The Vanity Fair profile is full of questionable quotes from Siegal, but none as damning as when she discussed a less-than-glowing Hollywood Reporter article published last summer. Titled “Peggy Siegal and Jeffrey Epstein: A Hollywood Event Planner’s Symbiotic Relationship With a Sex Offender,” the article accused Siegal of assisting in facilitating Epstein’s return to high society after his initial conviction of pedophilia. Siegal told VF she first read the story at four in the morning, and then proceeded to compare it to the Holocaust:

“I’m going, this can’t be happening. This is what it’d be like to go to your own funeral. Or to be a casualty of war. I mean, if I had been in Nazi Germany, it could not have been worse. I thought, Oh, my God, I’m on the train station. I’m getting on that train and I’m going to the camps. And this is exactly what came to mind. This is the kind of political, social, horrific nightmare that came to fruition…. Life has come full circle. I’ve finally been attacked for nothing more than being Jewish, or being a woman, or being at the wrong place at the wrong time.”

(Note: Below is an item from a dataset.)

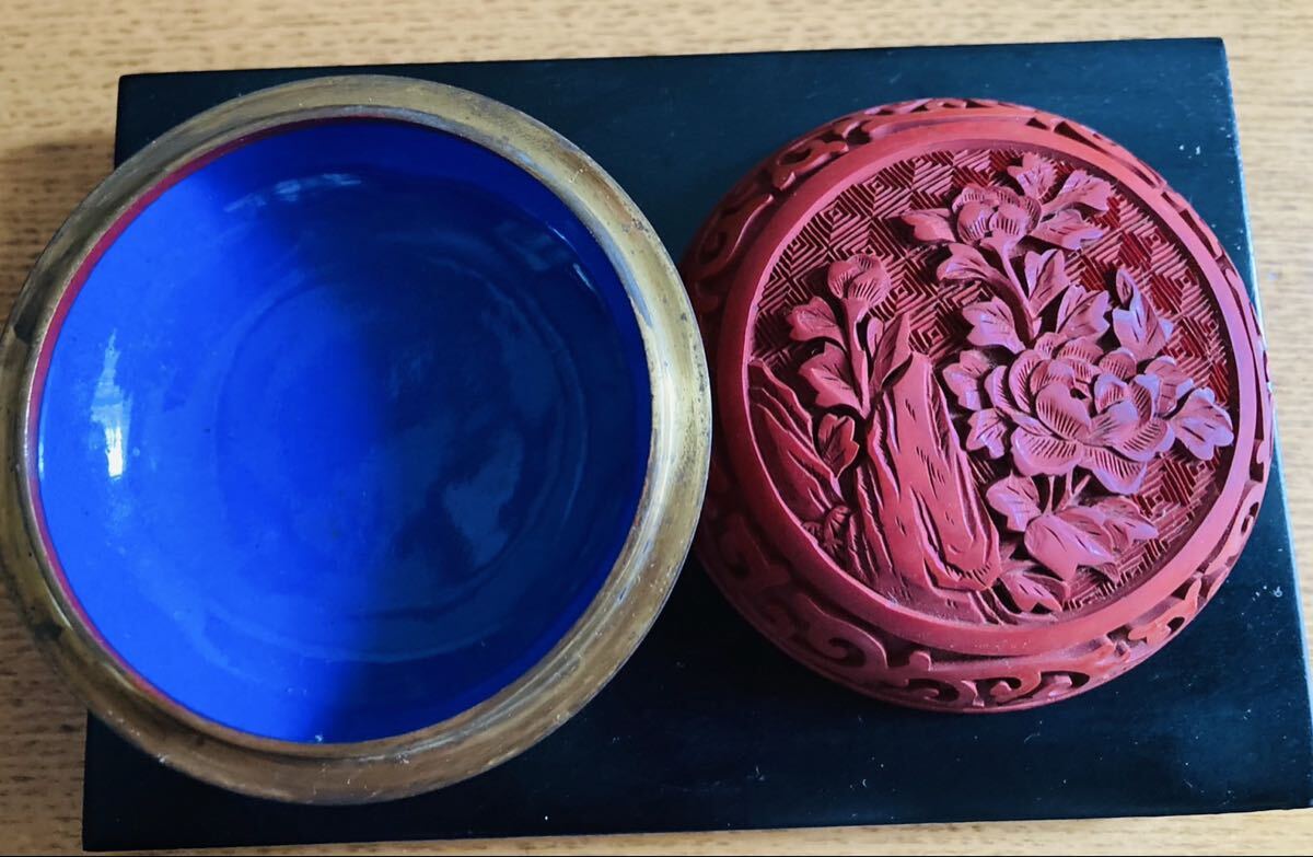 蓋を開けると、鮮やかな青と金縁が意外でもあり、はっとする美しさを感じるお品です。

Of course, after the Hollywood Reporter article came out, Siegal was removed from a few jobs, including two events for Netflix’s The Politician. According to Vanity Fair, she’s only landed one job since. I’d love to know which business said yes.

She also maintains that she did not know about “the underage girls,” and believes she has been singled out by the press for being a woman:

“The men are fine,” she said, referring to Epstein associates such as Gates, Wexner, and Leon Black. “They’re moving on with their billions, and their jets, and their families, and their businesses. It’s—it’s a little—it’s just odd that a single woman who’s done nothing but kill herself for filmmakers has had to suffer like this. It’s completely unfair.”
“I am a publicist, in the perception business, and I have been a victim of perception,” she said.

That’s true. She is a publicist, in the perception business—which makes her a veteran at finding the most astute and manipulative angle to revive a dead career. Hmm.

Read the full article here.

Update (4:49 p.m.): Peggy Siegal sent Jezebel the following statement:

“I certainly did not mean to offend anyone. The comparison was an insensitive exaggeration. I honestly apologize. There is no way to compare inhumane discrimination of the most heinous evil of the Holocaust to anything. Again, I am so terribly sorry.”